On Tue, Jun 13, 2017 at 09:56:18PM -0700, Andy Lutomirski wrote:
>There are three performance benefits here:
>1. TLB flushing is slow. (I.e. the flush itself takes a while.)
> This avoids many of them when switching tasks by using PCID. In
> a stupid little benchmark I did, it saves about 100ns on my laptop
> per context switch. I'll try to improve that benchmark.
>2. Mms that have been used recently on a given CPU might get to keep
> their TLB entries alive across process switches with this patch
> set. TLB fills are pretty fast on modern CPUs, but they're even
> faster when they don't happen.
>3. Lazy TLB is way better. We used to do two stupid things when we
> ran kernel threads: we'd send IPIs to flush user contexts on their
> CPUs and then we'd write to CR3 for no particular reason as an excuse
> to stop further IPIs. With this patch, we do neither.

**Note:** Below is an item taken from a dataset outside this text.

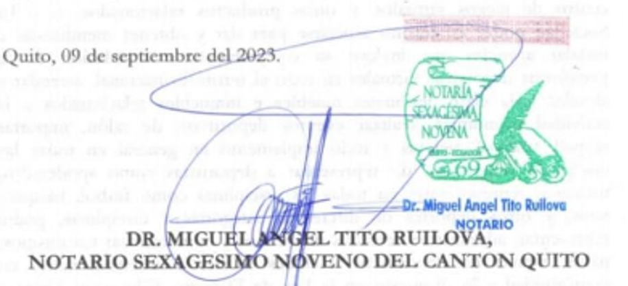NOTARÍA SEXAGESIMO NOVENA DEL CANTÓN QUITO:
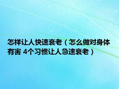 目前大家应该是对怎么做对身体有害 4个习惯让人急速衰老比较感兴趣的,所以今天小编CC就来为大家整理了一些关于怎么做对身体有害 4个习惯让人急速衰老方面的相关知识来分享给大家,希望大家会喜欢哦。

>This will, in general, perform suboptimally if paravirt TLB flushing
>is in use (currently just Xen, I think, but Hyper-V is in the works).

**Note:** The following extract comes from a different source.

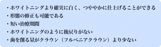 ホワイトニングを行う以上に確実に歯の色彩を自由にコントロールできることや矯正治療のように治療期間が長期にならないことが大きな魅力です。

>The code is structured so we could fix it in one of two ways: we
>could take a spinlock when touching the percpu state so we can update
>it remotely after a paravirt flush, or we could be more careful about
>our exactly how we access the state and use cmpxchg16b to do atomic
>remote updates. (On SMP systems without cmpxchg16b, we'd just skip
>the optimization entirely.)

Hey Andy,

I've started seeing the following in -next:

------------[ cut here ]------------
kernel BUG at arch/x86/mm/tlb.c:47!
invalid opcode: 0000 [#1] PREEMPT SMP DEBUG_PAGEALLOC KASAN
Dumping ftrace buffer:
(ftrace buffer empty)
Modules linked in:
CPU: 0 PID: 5302 Comm: kworker/u9:1 Not tainted 4.12.0-rc5+ #142
Hardware name: QEMU Standard PC (i440FX + PIIX, 1996), BIOS 1.10.1-1ubuntu1 04/01/2014
Workqueue: writeback wb_workfn (flush-259:0)

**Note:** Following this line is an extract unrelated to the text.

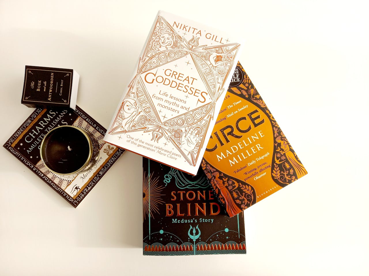 Als je een boekhandel binnenstapt, vallen ze op: de vele boeken met vrouwelijke helden, heksen en ‘monsters’ uit de oudheid. Laten we om te beginnen stilstaan bij het uiterlijk van deze boeken. De vormgevers die de kaften ontwierpen, hebben duidelijk naar elkaar gekeken. Glimmende goudkleurige details springen uit boven een donkere zwarte of juist lichte, witte ondergrond. De boeken behoren tot hetzelfde genre. De verhalen richten zich voornamelijk op de belevingswereld van vrouwelijke hoofdpersonen, figuren uit de Griekse Mythologie. In de bekende Griekse mythes spelen deze vrouwen toch ook wel een rol, maar wel binnen verhalen over mannen. De nieuwe moderne hervertellingen draaien juist volledig om deze vrouwen. Denk bijvoorbeeld aan de boeken over de ‘heks’ Circe en de koningin Penelope die voorkomen als figuren in de oude verhalen die draaien om de Griekse held Odysseus. Nu krijgen ze hun eigen boeken.

task: ffff880030ad0040 task.stack: ffff880036e78000
RIP: 0010:leave_mm+0x33/0x40 arch/x86/mm/tlb.c:50
RSP: 0018:ffff880036e7d4c8 EFLAGS: 00010246
RAX: 0000000000000001 RBX: ffff88006a65e240 RCX: dffffc0000000000
RDX: 0000000000000000 RSI: ffffffffb1475fa0 RDI: 0000000000000000
RBP: ffff880036e7d638 R08: 1ffff10006dcfad1 R09: ffff880030ad0040
R10: ffff880036e7d3b8 R11: 0000000000000000 R12: 1ffff10006dcfa9e
R13: ffff880036e7d6c0 R14: ffff880036e7d680 R15: 0000000000000000
FS: 0000000000000000(0000) GS:ffff88003ea00000(0000) knlGS:0000000000000000
CS: 0010 DS: 0000 ES: 0000 CR0: 0000000080050033
CR2: 000000c420019318 CR3: 0000000047a28000 CR4: 00000000000406f0
Call Trace:
flush_tlb_func_local arch/x86/mm/tlb.c:239 [inline]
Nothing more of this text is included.